=== TASK OBJECTIVE ===
Your answer must be the full listing below, repeated exactly, with no pictures in it.

=== DATASET SECTION ===

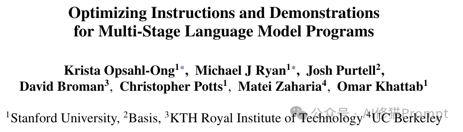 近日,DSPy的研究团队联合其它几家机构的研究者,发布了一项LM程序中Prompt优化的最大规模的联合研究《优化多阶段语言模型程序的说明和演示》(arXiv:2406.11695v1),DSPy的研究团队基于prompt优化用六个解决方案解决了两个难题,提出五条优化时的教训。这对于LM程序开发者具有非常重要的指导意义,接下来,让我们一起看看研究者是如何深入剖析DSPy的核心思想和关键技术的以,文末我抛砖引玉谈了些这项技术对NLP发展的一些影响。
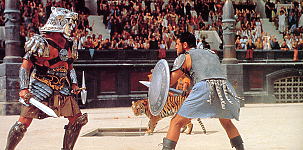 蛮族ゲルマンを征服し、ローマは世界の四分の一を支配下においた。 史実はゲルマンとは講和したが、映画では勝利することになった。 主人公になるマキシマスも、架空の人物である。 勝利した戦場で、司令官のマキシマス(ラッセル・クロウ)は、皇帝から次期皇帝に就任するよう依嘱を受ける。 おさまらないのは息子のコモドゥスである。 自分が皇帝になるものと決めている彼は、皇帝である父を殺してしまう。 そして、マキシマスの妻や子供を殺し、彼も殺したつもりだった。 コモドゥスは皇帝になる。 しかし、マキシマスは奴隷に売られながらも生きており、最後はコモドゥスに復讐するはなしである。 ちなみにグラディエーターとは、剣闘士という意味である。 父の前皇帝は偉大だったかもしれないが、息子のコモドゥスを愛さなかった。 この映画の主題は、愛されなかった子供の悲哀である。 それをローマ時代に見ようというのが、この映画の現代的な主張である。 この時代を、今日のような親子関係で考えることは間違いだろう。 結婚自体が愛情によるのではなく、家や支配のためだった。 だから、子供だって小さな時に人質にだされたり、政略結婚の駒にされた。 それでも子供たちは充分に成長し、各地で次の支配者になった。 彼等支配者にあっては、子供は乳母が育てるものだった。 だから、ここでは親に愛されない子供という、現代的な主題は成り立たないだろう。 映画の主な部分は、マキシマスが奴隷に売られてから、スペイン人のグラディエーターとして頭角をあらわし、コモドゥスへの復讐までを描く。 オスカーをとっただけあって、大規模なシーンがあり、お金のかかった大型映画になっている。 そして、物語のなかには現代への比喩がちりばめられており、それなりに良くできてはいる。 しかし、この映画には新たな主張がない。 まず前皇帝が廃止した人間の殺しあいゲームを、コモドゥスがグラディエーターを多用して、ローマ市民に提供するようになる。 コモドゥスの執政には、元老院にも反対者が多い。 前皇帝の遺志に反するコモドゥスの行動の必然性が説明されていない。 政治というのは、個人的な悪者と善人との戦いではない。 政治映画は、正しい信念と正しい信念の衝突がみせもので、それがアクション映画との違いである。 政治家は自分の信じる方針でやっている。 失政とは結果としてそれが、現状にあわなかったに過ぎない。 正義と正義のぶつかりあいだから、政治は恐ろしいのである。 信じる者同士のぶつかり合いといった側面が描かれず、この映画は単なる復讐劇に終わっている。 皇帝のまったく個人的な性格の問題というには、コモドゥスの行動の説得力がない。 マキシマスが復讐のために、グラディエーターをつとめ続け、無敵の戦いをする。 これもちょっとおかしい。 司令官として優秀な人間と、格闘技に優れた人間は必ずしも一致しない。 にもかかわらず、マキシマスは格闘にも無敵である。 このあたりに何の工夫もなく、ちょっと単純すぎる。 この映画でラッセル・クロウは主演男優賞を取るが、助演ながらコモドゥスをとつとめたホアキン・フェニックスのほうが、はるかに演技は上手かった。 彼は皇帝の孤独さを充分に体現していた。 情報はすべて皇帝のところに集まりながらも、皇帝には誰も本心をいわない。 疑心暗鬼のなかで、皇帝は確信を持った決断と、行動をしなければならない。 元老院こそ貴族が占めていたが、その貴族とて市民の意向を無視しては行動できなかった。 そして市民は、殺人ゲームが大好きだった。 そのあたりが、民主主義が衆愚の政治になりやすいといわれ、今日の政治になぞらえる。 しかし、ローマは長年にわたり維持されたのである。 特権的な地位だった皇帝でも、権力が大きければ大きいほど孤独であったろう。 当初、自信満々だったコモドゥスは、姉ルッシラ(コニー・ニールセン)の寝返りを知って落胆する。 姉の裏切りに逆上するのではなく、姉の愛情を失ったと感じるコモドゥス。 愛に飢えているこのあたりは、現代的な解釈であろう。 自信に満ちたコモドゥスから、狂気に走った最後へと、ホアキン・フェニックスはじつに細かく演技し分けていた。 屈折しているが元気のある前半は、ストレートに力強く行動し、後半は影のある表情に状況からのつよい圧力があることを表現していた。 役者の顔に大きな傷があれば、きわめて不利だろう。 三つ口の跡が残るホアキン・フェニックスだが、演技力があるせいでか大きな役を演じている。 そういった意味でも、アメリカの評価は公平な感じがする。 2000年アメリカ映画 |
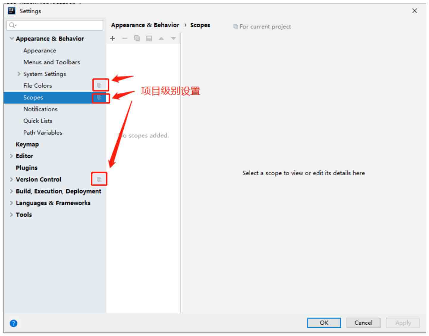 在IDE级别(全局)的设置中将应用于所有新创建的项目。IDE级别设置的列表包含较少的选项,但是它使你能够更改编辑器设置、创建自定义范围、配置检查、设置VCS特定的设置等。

=== ANSWER SECTION ===
 近日,DSPy的研究团队联合其它几家机构的研究者,发布了一项LM程序中Prompt优化的最大规模的联合研究《优化多阶段语言模型程序的说明和演示》(arXiv:2406.11695v1),DSPy的研究团队基于prompt优化用六个解决方案解决了两个难题,提出五条优化时的教训。这对于LM程序开发者具有非常重要的指导意义,接下来,让我们一起看看研究者是如何深入剖析DSPy的核心思想和关键技术的以,文末我抛砖引玉谈了些这项技术对NLP发展的一些影响。
 蛮族ゲルマンを征服し、ローマは世界の四分の一を支配下においた。 史実はゲルマンとは講和したが、映画では勝利することになった。 主人公になるマキシマスも、架空の人物である。 勝利した戦場で、司令官のマキシマス(ラッセル・クロウ)は、皇帝から次期皇帝に就任するよう依嘱を受ける。 おさまらないのは息子のコモドゥスである。 自分が皇帝になるものと決めている彼は、皇帝である父を殺してしまう。 そして、マキシマスの妻や子供を殺し、彼も殺したつもりだった。 コモドゥスは皇帝になる。 しかし、マキシマスは奴隷に売られながらも生きており、最後はコモドゥスに復讐するはなしである。 ちなみにグラディエーターとは、剣闘士という意味である。 父の前皇帝は偉大だったかもしれないが、息子のコモドゥスを愛さなかった。 この映画の主題は、愛されなかった子供の悲哀である。 それをローマ時代に見ようというのが、この映画の現代的な主張である。 この時代を、今日のような親子関係で考えることは間違いだろう。 結婚自体が愛情によるのではなく、家や支配のためだった。 だから、子供だって小さな時に人質にだされたり、政略結婚の駒にされた。 それでも子供たちは充分に成長し、各地で次の支配者になった。 彼等支配者にあっては、子供は乳母が育てるものだった。 だから、ここでは親に愛されない子供という、現代的な主題は成り立たないだろう。 映画の主な部分は、マキシマスが奴隷に売られてから、スペイン人のグラディエーターとして頭角をあらわし、コモドゥスへの復讐までを描く。 オスカーをとっただけあって、大規模なシーンがあり、お金のかかった大型映画になっている。 そして、物語のなかには現代への比喩がちりばめられており、それなりに良くできてはいる。 しかし、この映画には新たな主張がない。 まず前皇帝が廃止した人間の殺しあいゲームを、コモドゥスがグラディエーターを多用して、ローマ市民に提供するようになる。 コモドゥスの執政には、元老院にも反対者が多い。 前皇帝の遺志に反するコモドゥスの行動の必然性が説明されていない。 政治というのは、個人的な悪者と善人との戦いではない。 政治映画は、正しい信念と正しい信念の衝突がみせもので、それがアクション映画との違いである。 政治家は自分の信じる方針でやっている。 失政とは結果としてそれが、現状にあわなかったに過ぎない。 正義と正義のぶつかりあいだから、政治は恐ろしいのである。 信じる者同士のぶつかり合いといった側面が描かれず、この映画は単なる復讐劇に終わっている。 皇帝のまったく個人的な性格の問題というには、コモドゥスの行動の説得力がない。 マキシマスが復讐のために、グラディエーターをつとめ続け、無敵の戦いをする。 これもちょっとおかしい。 司令官として優秀な人間と、格闘技に優れた人間は必ずしも一致しない。 にもかかわらず、マキシマスは格闘にも無敵である。 このあたりに何の工夫もなく、ちょっと単純すぎる。 この映画でラッセル・クロウは主演男優賞を取るが、助演ながらコモドゥスをとつとめたホアキン・フェニックスのほうが、はるかに演技は上手かった。 彼は皇帝の孤独さを充分に体現していた。 情報はすべて皇帝のところに集まりながらも、皇帝には誰も本心をいわない。 疑心暗鬼のなかで、皇帝は確信を持った決断と、行動をしなければならない。 元老院こそ貴族が占めていたが、その貴族とて市民の意向を無視しては行動できなかった。 そして市民は、殺人ゲームが大好きだった。 そのあたりが、民主主義が衆愚の政治になりやすいといわれ、今日の政治になぞらえる。 しかし、ローマは長年にわたり維持されたのである。 特権的な地位だった皇帝でも、権力が大きければ大きいほど孤独であったろう。 当初、自信満々だったコモドゥスは、姉ルッシラ(コニー・ニールセン)の寝返りを知って落胆する。 姉の裏切りに逆上するのではなく、姉の愛情を失ったと感じるコモドゥス。 愛に飢えているこのあたりは、現代的な解釈であろう。 自信に満ちたコモドゥスから、狂気に走った最後へと、ホアキン・フェニックスはじつに細かく演技し分けていた。 屈折しているが元気のある前半は、ストレートに力強く行動し、後半は影のある表情に状況からのつよい圧力があることを表現していた。 役者の顔に大きな傷があれば、きわめて不利だろう。 三つ口の跡が残るホアキン・フェニックスだが、演技力があるせいでか大きな役を演じている。 そういった意味でも、アメリカの評価は公平な感じがする。 2000年アメリカ映画 |
 在IDE级别(全局)的设置中将应用于所有新创建的项目。IDE级别设置的列表包含较少的选项,但是它使你能够更改编辑器设置、创建自定义范围、配置检查、设置VCS特定的设置等。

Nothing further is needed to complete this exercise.